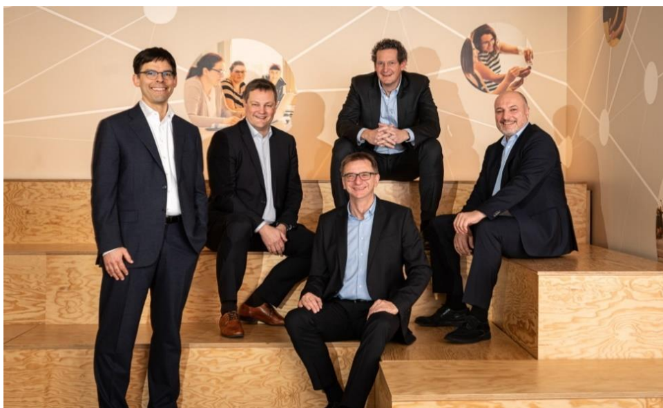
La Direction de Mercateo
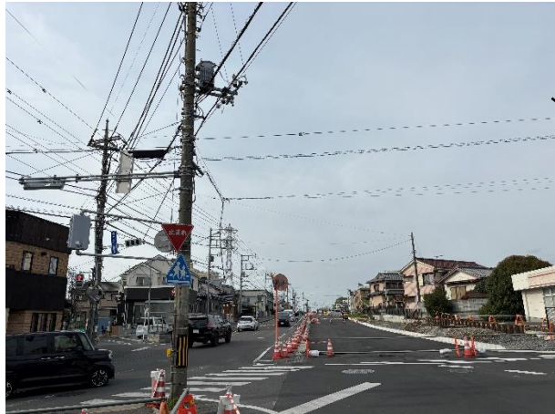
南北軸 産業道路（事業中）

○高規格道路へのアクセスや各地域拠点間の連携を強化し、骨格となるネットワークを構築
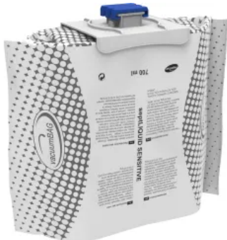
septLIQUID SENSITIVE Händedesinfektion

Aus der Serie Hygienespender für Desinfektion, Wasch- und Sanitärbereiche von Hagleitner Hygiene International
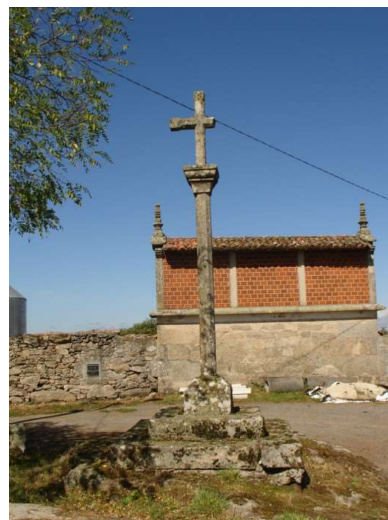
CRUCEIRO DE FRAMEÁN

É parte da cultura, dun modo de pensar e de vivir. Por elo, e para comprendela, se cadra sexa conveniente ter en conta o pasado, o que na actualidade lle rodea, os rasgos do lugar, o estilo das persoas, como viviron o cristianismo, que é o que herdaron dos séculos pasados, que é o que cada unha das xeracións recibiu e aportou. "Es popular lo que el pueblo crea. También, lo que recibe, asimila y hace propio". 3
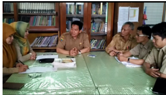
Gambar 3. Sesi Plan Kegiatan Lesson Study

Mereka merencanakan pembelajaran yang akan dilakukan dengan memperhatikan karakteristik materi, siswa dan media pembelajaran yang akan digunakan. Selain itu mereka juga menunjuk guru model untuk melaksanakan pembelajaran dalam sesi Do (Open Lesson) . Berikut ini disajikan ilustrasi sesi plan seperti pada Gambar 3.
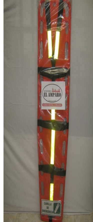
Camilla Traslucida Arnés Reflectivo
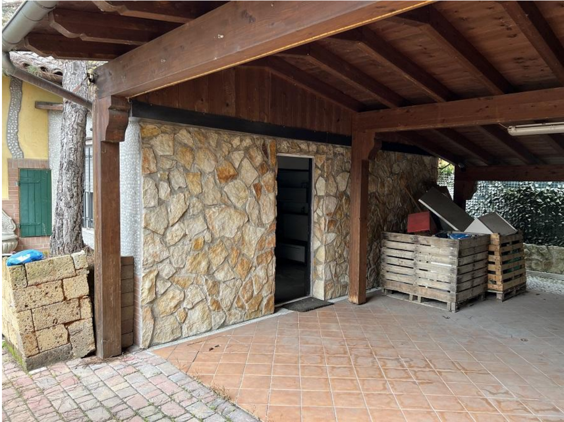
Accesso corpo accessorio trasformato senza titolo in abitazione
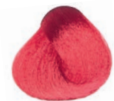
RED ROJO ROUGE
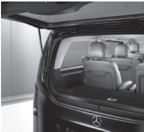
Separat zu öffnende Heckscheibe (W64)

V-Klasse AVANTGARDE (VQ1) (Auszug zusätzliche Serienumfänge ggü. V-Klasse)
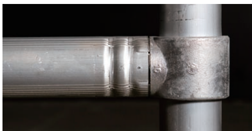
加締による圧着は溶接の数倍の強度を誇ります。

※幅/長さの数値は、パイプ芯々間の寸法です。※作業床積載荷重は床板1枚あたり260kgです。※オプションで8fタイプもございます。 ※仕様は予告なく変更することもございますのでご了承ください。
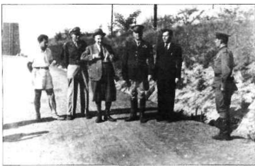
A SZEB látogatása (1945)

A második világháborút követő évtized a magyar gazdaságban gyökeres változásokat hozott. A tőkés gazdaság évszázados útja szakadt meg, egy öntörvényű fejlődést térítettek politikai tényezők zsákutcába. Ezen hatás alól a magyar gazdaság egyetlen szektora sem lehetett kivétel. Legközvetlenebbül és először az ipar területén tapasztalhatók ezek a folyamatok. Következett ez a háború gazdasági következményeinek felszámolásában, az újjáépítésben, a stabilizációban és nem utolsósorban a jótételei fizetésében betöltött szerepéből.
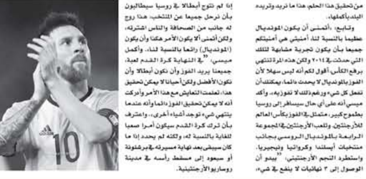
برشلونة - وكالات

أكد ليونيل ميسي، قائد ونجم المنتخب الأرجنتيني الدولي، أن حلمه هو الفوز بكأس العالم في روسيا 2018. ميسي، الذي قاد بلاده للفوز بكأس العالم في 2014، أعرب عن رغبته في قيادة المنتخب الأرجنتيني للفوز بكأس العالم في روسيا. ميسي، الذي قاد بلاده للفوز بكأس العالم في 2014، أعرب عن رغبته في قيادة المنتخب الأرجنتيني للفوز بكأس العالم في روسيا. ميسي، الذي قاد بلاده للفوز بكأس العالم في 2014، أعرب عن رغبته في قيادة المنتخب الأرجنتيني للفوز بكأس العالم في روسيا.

* * *

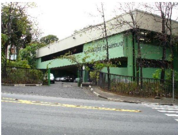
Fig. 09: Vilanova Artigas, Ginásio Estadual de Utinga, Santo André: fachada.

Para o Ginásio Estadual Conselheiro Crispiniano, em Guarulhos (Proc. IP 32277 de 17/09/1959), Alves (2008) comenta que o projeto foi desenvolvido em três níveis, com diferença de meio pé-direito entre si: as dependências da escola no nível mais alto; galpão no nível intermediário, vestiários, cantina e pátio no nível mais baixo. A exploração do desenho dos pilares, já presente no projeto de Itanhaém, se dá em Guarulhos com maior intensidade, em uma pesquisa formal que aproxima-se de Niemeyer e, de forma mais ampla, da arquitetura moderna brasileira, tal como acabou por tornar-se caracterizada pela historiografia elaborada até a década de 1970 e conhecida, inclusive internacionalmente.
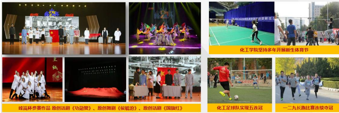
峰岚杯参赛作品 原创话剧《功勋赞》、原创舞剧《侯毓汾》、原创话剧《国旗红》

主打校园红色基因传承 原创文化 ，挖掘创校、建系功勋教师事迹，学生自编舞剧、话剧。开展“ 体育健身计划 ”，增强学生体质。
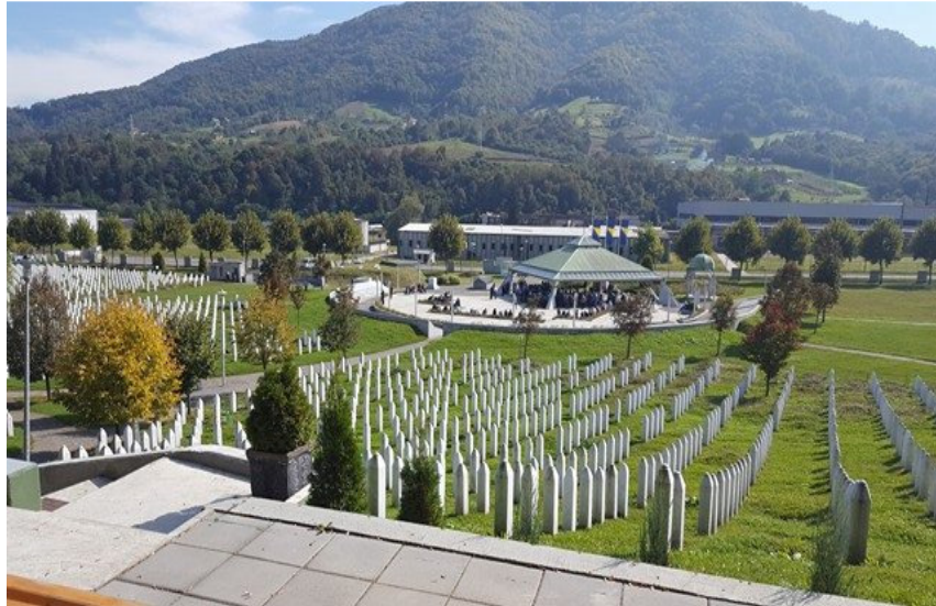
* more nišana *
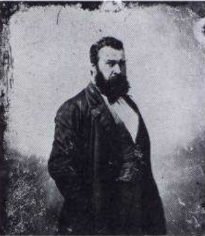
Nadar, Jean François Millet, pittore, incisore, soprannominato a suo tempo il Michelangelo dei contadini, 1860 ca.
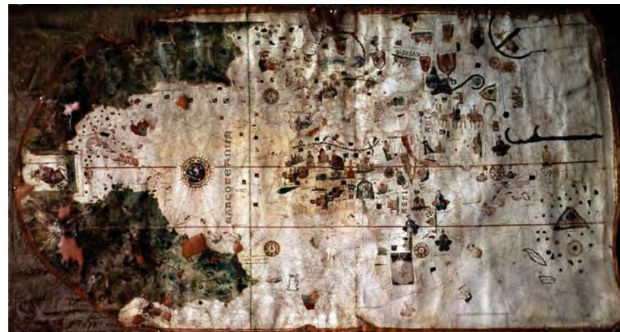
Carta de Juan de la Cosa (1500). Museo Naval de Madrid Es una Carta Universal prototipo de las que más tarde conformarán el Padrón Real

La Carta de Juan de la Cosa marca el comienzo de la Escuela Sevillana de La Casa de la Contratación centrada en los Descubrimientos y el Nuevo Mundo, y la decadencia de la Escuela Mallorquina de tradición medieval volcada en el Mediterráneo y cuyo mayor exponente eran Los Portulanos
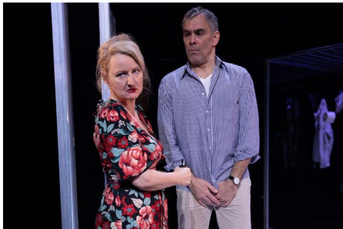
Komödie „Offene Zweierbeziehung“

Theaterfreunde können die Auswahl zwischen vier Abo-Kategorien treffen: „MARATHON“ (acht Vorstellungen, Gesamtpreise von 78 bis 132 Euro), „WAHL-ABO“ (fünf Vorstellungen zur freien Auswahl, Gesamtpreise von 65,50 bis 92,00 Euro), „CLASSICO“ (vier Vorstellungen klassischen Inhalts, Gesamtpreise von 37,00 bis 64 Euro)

* * *

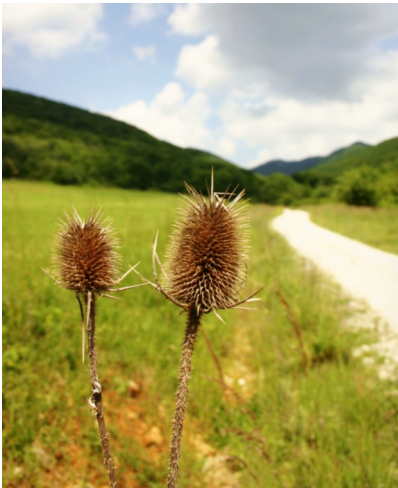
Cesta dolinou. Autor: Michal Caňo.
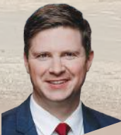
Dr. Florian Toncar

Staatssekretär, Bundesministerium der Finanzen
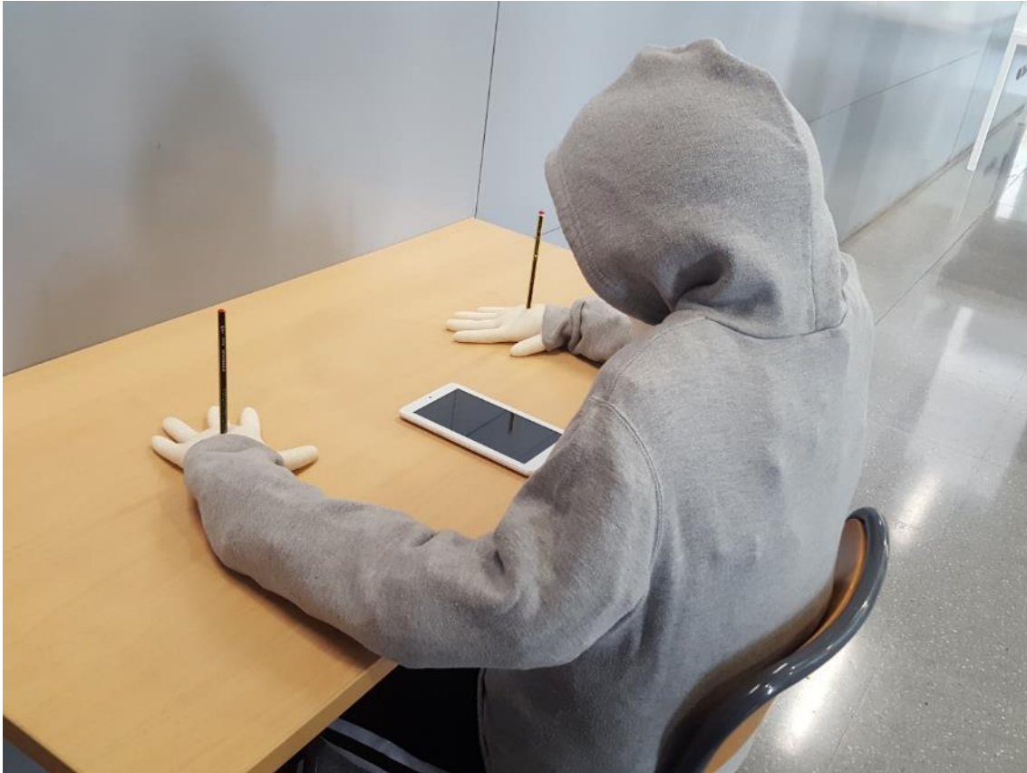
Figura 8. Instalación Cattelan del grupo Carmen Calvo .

» **Assignment**: Output exactly the lines above, beginning at the one with "La Direction de Mercateo" and stopping after the one with "A SZEB látogatása (1945)". Pictures are to be omitted.

» **Result**:
La Direction de Mercateo
南北軸 産業道路（事業中）

○高規格道路へのアクセスや各地域拠点間の連携を強化し、骨格となるネットワークを構築
septLIQUID SENSITIVE Händedesinfektion

Aus der Serie Hygienespender für Desinfektion, Wasch- und Sanitärbereiche von Hagleitner Hygiene International
CRUCEIRO DE FRAMEÁN

É parte da cultura, dun modo de pensar e de vivir. Por elo, e para comprendela, se cadra sexa conveniente ter en conta o pasado, o que na actualidade lle rodea, os rasgos do lugar, o estilo das persoas, como viviron o cristianismo, que é o que herdaron dos séculos pasados, que é o que cada unha das xeracións recibiu e aportou. "Es popular lo que el pueblo crea. También, lo que recibe, asimila y hace propio". 3
Gambar 3. Sesi Plan Kegiatan Lesson Study

Mereka merencanakan pembelajaran yang akan dilakukan dengan memperhatikan karakteristik materi, siswa dan media pembelajaran yang akan digunakan. Selain itu mereka juga menunjuk guru model untuk melaksanakan pembelajaran dalam sesi Do (Open Lesson) . Berikut ini disajikan ilustrasi sesi plan seperti pada Gambar 3.
Camilla Traslucida Arnés Reflectivo
Accesso corpo accessorio trasformato senza titolo in abitazione
RED ROJO ROUGE
Separat zu öffnende Heckscheibe (W64)

V-Klasse AVANTGARDE (VQ1) (Auszug zusätzliche Serienumfänge ggü. V-Klasse)
加締による圧着は溶接の数倍の強度を誇ります。

※幅/長さの数値は、パイプ芯々間の寸法です。※作業床積載荷重は床板1枚あたり260kgです。※オプションで8fタイプもございます。 ※仕様は予告なく変更することもございますのでご了承ください。
A SZEB látogatása (1945)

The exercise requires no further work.